What is Memory Difficulty?
Memory is the retention and recollection of ideas, experiences, thoughts and feelings over time. As an individual begins to age, they naturally lose about 85,000 brain cells in a single day, although this decline does not have to occur.
However, there are more serious forms of memory loss such as dementia, which includes a number of long-term degenerative diseases. Dementia is a general term that describes a group of symptoms associated with a decline in memory or other thinking skills.
Dementia and other serious memory disorders affect up to 10% of all people and can be negatively life-altering. An individual suffering from some form of dementia disease will struggle immensely with performing everyday tasks, and in most cases, will require the help of a caretaker. The most common form of dementia is Alzheimer’s Disease followed by vascular dementia.
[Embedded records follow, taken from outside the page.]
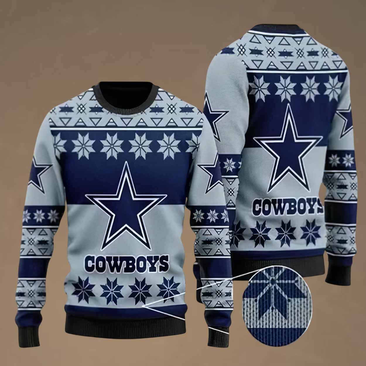 The large Cowboys star takes center stage on the front, framed by an intricate, snowflake-inspired pattern that adds a festive touch. The word “COWBOYS” is prominently displayed at the bottom, completing the bold design. The sweater features a classic crewneck and ribbed cuffs and hem, ensuring a comfortable, snug fit that retains warmth.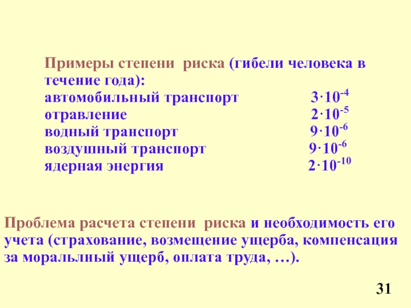 автомобильный транспорт 3·10-4 отравление 2·10-5 водный транспорт 9·10-6 воздушный транспорт 9·10-6 ядерная энергия 2·10-10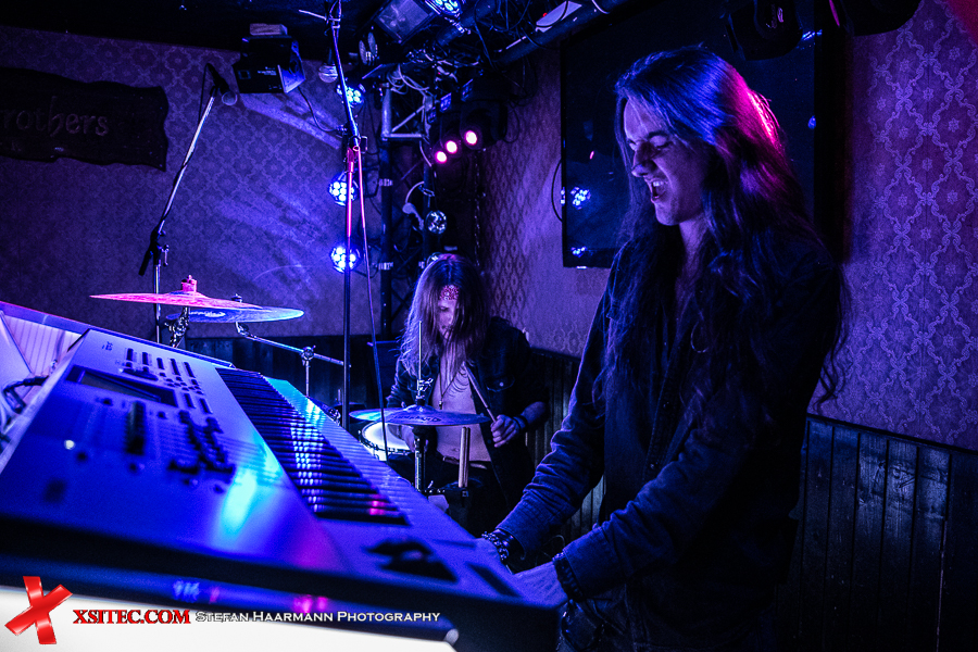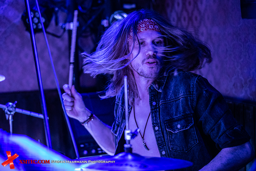 „Into The Night“ besticht durch tanzbare Rhythmen, die Keyboarder Felix Commerell an seiner beleuchteten Tastenburg im 80er Sound untermalt, bevor dann mit „Turn It Up“ der letzte Eintrag der regulären Setlist gespielt wird. Die Band geht danach aufgrund des begrenzten Platzangebots nicht von der Bühne, sondern feuert mit „City Of Sinners“, „Looking For Action“ und „Out In The Fields“, dem grandiosen GARY MOORE Titel, nochmals aus allen Instrumenten in die tobende Menge, die danach auch noch den eigentlich nicht geplanten Abschluss mit KISS´ „Lick It Up“ feiert.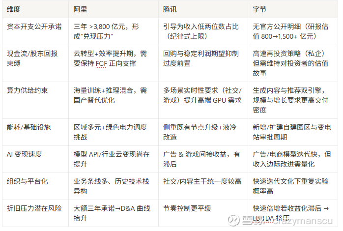 而中国的阿里、字节、腾讯三家巨头,从2024年Q3Q4才开始增加AI基础设施投入,2025年加起来还不到4000亿人民币。虽然目前各家公司都有各种理由限制资本开支的比例,但是,难道中国的AI基础设施要永远落后美国那么多吗?

How do you know if you have Dementia?
Simply forgetting people’s names once in a while or forgetting where you left something does not necessarily mean you have dementia, although it can mean mild cognitive decline. However, if you are progressively becoming forgetful and are beginning to show signs of declining cognitive abilities, then it is time to seek advice. If you are concerned that you may be developing signs of dementia or memory loss, we recommend you get help right away.
What causes Dementia or Mild Cognitive Decline (MCD)?
There is no single cause that results in memory or other forms of cognitive difficulties, but rather a combination of genetic and environmental factors. These include genes, poor nutrition, exposure to neurotoxins such as heavy metals or mycotoxins, substance abuse including smoking, traumatic brain injury, obesity, heart attack/stroke, Parkinson’s disease, cardiovascular disease, cancer, infections and metabolic abnormalities to name a few.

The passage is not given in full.